» Nie gru 06, 2009 17:48
Re: Moje koty-moje szczęścia i nieszczęścia-53 koty-Bydgoszcz.
Jestem wściekła. Coraz trudniej będzie mi wybierać domy dla kotów. Ludziom nie można ufać i nikt mnie nie przekona, że jest inaczej.

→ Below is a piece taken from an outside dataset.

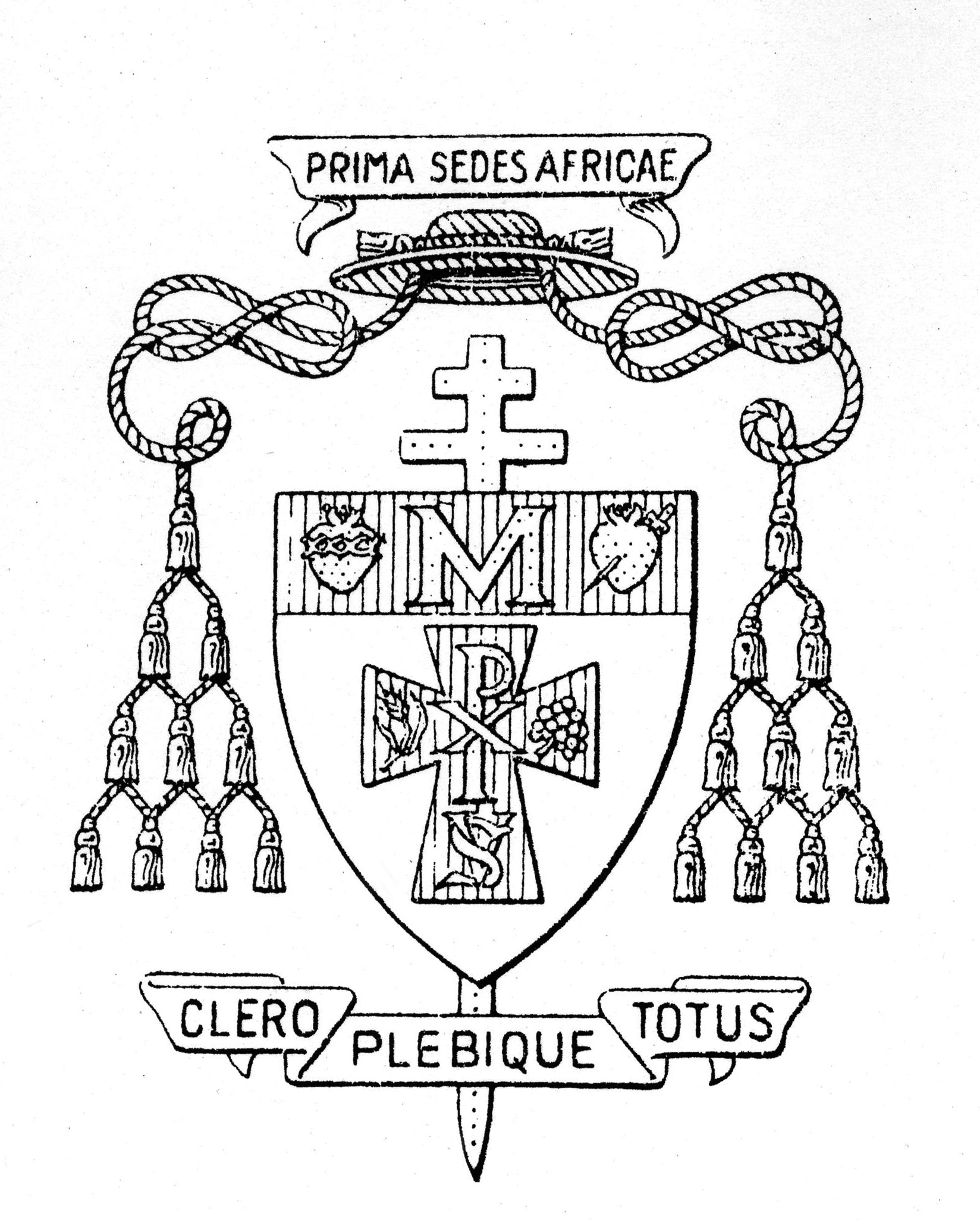 Motto: All for the clergy and people Above: First see of Africa SV monogram in the cross

Lucek to taki fajny kot, który nie miał lekkiego życia w Boguszycach. Dex7 trochę się na niego wyczekał. Starałam się wybadać dexa7 a nawet zniechęcić do adopcji kota. Na początku były wiadomości, zdjęcia i ogólnie było OK. Od jakiegoś czasu zbytnio się nie rozpisywał a ostatnie info miałam 25 października. Miesiąc później dex7 nie odpowiedział na moje zapytanie. Dzisiaj zaczęłam szperać i znalazłam ogłoszenia o sprzedaży jego mieszkania. Wysłałam smsy i maila. Nic więcej nie mogę i możliwe, że już nigdy nie dowiem się niczego o Lucku. Czy mogę wierzyć, że nic mu się nie stanie, jeśli człowiek, który obiecał informować o kocie nie dotrzymuje słowa. Nie mogę i bardzo mi z tym źle.